Give again, exactly as written, the lines of the records below from the line with "Купить A-4Tech Мышь" to the line with "JS-Z300HD可藏式接線". Both end lines count; pictures do not.

RECORDS TO USE =>
+++
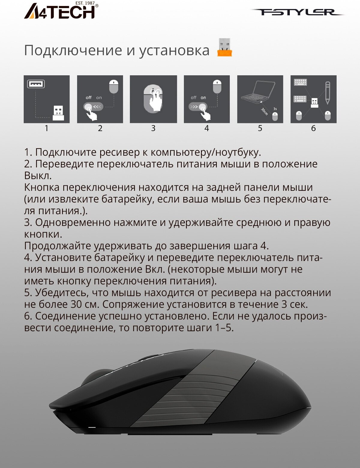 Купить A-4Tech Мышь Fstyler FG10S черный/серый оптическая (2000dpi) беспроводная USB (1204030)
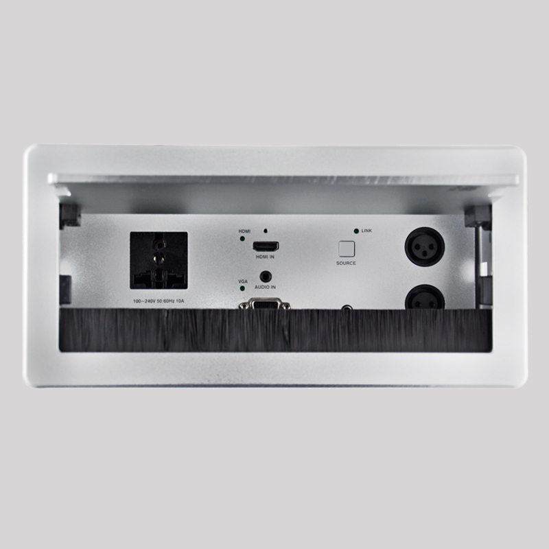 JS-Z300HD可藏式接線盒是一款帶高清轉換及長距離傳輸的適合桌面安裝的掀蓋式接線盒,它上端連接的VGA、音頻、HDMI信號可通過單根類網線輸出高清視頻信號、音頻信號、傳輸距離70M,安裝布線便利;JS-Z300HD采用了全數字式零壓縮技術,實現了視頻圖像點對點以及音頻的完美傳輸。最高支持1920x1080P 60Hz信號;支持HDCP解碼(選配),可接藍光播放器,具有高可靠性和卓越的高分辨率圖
+++
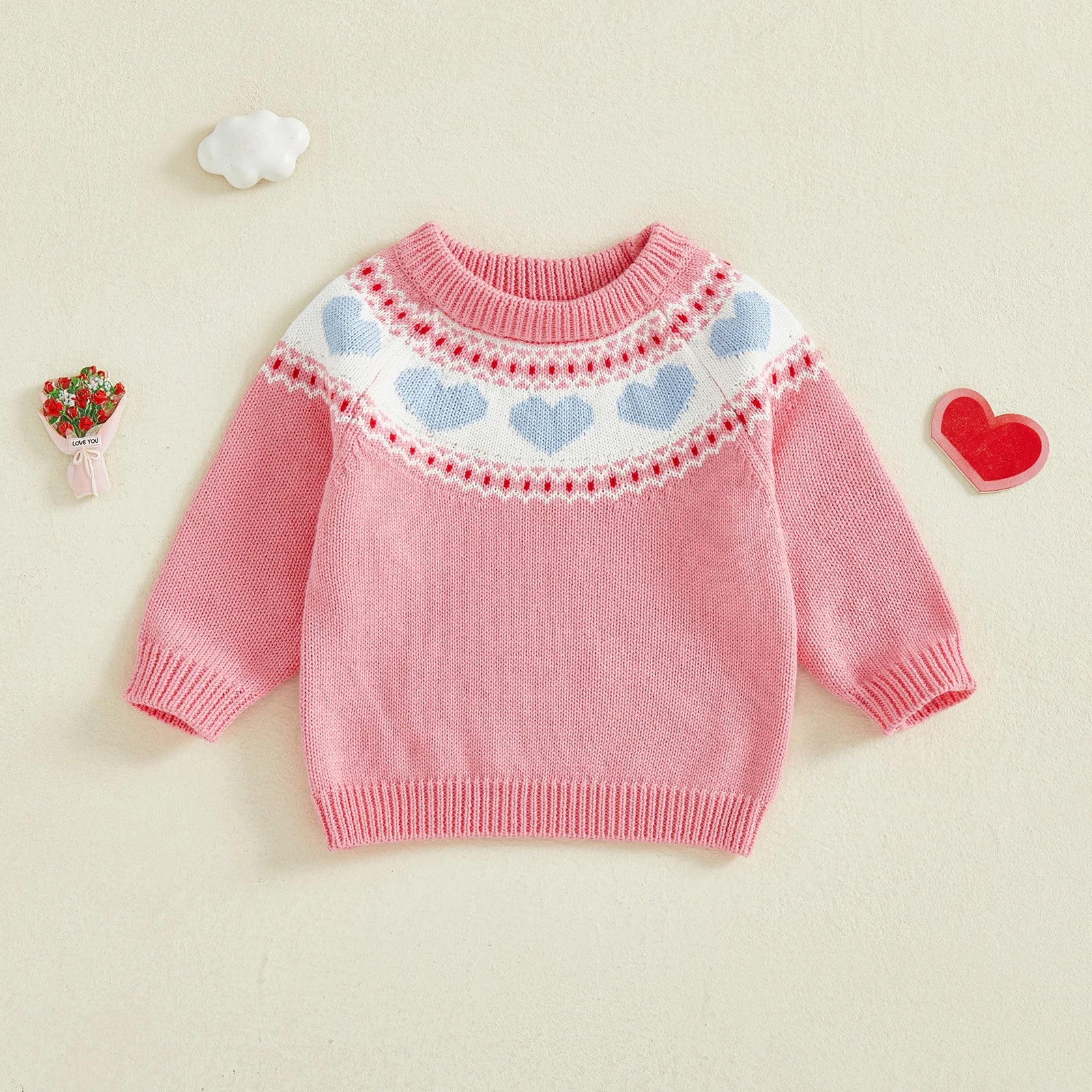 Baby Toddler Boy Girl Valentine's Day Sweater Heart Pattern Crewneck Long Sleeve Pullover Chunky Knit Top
+++
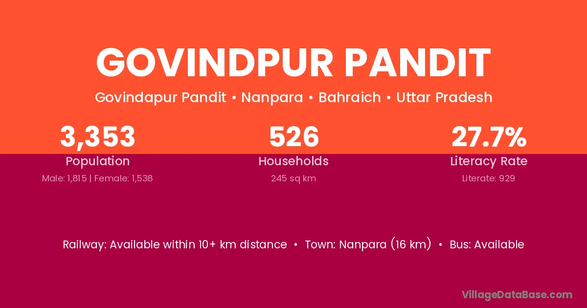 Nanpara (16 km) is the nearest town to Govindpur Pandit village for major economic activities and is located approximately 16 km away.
+++
WORKED SOLUTION =>
 Купить A-4Tech Мышь Fstyler FG10S черный/серый оптическая (2000dpi) беспроводная USB (1204030)
 JS-Z300HD可藏式接線盒是一款帶高清轉換及長距離傳輸的適合桌面安裝的掀蓋式接線盒,它上端連接的VGA、音頻、HDMI信號可通過單根類網線輸出高清視頻信號、音頻信號、傳輸距離70M,安裝布線便利;JS-Z300HD采用了全數字式零壓縮技術,實現了視頻圖像點對點以及音頻的完美傳輸。最高支持1920x1080P 60Hz信號;支持HDCP解碼(選配),可接藍光播放器,具有高可靠性和卓越的高分辨率圖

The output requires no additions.